• Directions:
Search the data for the word "được" and copy every line where it occurs.
━━━ Supplied records ━━━
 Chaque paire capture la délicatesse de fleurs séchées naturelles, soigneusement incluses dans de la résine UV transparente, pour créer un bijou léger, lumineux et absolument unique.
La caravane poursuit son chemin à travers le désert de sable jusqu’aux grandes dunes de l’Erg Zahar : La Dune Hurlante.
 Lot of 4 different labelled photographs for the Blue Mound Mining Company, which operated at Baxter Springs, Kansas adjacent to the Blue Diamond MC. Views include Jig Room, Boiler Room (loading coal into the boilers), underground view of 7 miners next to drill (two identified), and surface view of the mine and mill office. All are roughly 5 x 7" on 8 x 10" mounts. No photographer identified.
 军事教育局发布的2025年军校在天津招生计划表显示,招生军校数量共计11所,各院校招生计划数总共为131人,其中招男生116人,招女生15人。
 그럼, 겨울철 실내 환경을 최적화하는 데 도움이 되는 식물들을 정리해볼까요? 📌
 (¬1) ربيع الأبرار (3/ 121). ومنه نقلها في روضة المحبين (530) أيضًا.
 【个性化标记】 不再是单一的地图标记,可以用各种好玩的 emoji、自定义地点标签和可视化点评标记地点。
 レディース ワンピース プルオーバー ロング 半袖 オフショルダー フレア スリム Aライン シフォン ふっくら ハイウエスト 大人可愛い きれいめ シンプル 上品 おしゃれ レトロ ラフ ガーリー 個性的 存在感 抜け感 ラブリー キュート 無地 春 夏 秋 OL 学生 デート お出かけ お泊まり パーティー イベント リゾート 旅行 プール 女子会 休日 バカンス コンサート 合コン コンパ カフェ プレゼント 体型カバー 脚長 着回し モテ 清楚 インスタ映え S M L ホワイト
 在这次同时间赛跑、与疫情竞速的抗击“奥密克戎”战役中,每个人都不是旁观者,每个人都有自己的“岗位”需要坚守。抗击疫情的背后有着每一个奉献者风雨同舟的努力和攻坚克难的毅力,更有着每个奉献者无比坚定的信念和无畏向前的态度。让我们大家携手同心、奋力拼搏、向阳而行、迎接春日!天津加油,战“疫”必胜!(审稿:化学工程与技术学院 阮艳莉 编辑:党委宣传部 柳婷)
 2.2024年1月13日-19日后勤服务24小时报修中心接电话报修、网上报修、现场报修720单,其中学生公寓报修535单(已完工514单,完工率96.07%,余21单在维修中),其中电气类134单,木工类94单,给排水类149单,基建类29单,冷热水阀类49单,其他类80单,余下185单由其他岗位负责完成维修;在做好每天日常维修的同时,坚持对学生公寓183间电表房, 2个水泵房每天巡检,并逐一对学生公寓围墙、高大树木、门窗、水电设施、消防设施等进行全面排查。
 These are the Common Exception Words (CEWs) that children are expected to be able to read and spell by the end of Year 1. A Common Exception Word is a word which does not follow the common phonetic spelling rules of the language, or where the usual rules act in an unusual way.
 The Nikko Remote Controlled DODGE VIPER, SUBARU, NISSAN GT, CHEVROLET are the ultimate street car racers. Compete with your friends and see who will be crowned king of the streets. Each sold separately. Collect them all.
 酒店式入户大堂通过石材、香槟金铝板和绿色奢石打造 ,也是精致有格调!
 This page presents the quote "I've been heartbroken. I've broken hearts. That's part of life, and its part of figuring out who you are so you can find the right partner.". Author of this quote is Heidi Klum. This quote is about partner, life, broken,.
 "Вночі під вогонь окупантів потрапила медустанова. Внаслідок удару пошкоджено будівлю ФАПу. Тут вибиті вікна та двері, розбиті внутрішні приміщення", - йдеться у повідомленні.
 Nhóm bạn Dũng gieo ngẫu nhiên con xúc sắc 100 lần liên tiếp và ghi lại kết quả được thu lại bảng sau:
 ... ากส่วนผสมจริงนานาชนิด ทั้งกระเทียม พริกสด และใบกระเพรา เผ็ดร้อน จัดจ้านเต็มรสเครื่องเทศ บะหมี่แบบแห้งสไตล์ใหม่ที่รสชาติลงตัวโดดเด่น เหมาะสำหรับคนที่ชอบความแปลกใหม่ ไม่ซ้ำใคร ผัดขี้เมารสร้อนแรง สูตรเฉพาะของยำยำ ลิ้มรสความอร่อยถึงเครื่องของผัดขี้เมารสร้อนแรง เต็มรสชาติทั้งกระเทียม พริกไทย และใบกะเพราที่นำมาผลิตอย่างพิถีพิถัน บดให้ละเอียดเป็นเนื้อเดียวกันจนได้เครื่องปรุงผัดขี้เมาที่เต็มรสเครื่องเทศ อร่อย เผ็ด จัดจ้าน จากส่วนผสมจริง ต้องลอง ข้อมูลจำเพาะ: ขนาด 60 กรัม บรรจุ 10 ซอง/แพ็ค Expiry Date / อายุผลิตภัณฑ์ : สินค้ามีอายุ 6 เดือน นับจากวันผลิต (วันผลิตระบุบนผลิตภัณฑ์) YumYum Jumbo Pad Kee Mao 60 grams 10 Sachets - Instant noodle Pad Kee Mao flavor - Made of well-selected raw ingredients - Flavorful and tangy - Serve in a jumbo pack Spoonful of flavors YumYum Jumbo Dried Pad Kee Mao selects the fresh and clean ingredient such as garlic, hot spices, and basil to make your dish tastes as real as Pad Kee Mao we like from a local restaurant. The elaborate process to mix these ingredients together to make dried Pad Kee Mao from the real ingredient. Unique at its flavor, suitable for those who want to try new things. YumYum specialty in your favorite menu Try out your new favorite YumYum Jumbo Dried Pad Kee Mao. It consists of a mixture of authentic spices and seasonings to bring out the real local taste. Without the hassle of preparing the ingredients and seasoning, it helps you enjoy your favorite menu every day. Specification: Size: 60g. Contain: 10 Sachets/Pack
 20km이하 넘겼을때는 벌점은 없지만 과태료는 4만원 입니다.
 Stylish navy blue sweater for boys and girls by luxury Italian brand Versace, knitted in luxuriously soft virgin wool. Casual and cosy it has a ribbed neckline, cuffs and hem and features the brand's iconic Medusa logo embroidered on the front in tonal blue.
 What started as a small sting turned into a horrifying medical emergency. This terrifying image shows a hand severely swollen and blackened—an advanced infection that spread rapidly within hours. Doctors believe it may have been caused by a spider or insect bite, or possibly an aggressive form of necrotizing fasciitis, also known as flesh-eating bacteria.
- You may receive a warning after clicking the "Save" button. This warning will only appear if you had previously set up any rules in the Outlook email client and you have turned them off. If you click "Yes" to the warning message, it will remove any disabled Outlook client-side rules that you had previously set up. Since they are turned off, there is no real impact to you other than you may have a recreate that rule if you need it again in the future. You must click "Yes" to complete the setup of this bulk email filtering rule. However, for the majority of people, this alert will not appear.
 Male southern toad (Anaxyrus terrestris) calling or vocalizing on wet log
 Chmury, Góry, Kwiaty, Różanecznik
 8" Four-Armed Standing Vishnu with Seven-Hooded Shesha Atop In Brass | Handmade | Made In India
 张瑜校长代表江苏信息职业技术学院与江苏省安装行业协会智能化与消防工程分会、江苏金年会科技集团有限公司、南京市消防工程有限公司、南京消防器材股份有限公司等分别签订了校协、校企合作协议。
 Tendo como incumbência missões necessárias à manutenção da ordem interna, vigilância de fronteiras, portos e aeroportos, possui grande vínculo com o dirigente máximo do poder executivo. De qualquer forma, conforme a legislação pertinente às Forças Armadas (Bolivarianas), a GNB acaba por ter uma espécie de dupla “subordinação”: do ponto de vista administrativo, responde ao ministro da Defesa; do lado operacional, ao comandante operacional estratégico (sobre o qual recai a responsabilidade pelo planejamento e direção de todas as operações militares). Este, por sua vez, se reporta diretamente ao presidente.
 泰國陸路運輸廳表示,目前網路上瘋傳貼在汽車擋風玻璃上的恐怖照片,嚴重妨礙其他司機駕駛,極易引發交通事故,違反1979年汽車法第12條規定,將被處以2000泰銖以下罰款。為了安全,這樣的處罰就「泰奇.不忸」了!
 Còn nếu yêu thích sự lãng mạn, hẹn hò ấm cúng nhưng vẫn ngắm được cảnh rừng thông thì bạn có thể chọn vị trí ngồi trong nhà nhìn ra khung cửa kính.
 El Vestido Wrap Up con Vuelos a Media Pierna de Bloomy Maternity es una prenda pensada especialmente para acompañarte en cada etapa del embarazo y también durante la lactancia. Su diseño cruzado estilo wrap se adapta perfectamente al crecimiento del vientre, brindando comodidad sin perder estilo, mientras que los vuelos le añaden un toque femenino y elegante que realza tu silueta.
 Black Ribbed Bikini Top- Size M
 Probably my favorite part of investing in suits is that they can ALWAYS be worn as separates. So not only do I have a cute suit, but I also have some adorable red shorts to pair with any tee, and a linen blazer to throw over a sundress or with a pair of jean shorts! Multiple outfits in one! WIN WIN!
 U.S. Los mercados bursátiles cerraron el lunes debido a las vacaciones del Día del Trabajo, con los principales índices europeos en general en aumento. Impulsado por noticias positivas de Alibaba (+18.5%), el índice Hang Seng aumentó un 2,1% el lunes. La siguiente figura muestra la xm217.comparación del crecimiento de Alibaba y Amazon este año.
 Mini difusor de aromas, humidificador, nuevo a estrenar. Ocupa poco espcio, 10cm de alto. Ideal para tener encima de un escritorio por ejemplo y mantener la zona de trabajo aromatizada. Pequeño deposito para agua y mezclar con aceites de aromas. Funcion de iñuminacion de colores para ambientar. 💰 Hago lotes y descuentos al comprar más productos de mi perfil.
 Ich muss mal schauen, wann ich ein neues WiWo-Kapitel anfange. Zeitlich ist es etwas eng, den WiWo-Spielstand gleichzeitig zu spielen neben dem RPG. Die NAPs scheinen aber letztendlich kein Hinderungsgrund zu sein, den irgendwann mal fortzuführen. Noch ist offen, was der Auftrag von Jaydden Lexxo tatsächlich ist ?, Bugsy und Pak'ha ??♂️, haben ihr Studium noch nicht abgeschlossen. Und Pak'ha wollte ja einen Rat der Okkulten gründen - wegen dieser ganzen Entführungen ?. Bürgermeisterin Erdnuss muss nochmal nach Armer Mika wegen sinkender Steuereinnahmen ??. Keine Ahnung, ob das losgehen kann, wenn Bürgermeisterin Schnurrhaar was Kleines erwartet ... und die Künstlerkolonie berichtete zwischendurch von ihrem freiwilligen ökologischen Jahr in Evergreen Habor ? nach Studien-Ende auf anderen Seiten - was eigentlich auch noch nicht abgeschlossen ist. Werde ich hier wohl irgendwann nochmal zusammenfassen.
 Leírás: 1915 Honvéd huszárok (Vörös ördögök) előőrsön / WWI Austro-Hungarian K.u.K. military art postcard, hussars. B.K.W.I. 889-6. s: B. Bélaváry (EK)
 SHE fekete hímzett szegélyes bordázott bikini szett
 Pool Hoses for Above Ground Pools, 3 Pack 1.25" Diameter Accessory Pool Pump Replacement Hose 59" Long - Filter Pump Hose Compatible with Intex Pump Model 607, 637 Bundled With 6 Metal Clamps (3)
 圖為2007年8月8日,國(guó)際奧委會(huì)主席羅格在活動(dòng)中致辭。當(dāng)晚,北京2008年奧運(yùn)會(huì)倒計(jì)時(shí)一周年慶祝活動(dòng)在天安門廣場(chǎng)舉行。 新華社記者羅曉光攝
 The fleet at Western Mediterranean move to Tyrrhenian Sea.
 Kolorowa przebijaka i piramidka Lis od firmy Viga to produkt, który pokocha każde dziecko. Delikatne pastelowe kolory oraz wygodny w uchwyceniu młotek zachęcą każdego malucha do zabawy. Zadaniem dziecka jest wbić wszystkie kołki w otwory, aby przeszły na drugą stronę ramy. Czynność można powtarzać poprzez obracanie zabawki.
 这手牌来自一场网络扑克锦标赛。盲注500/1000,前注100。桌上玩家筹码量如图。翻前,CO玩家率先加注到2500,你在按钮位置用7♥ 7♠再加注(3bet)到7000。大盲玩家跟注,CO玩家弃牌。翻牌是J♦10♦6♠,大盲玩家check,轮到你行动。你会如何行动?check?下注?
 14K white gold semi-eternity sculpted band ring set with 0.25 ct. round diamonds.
━━━
• Exercise output:
 Nhóm bạn Dũng gieo ngẫu nhiên con xúc sắc 100 lần liên tiếp và ghi lại kết quả được thu lại bảng sau:
 Còn nếu yêu thích sự lãng mạn, hẹn hò ấm cúng nhưng vẫn ngắm được cảnh rừng thông thì bạn có thể chọn vị trí ngồi trong nhà nhìn ra khung cửa kính.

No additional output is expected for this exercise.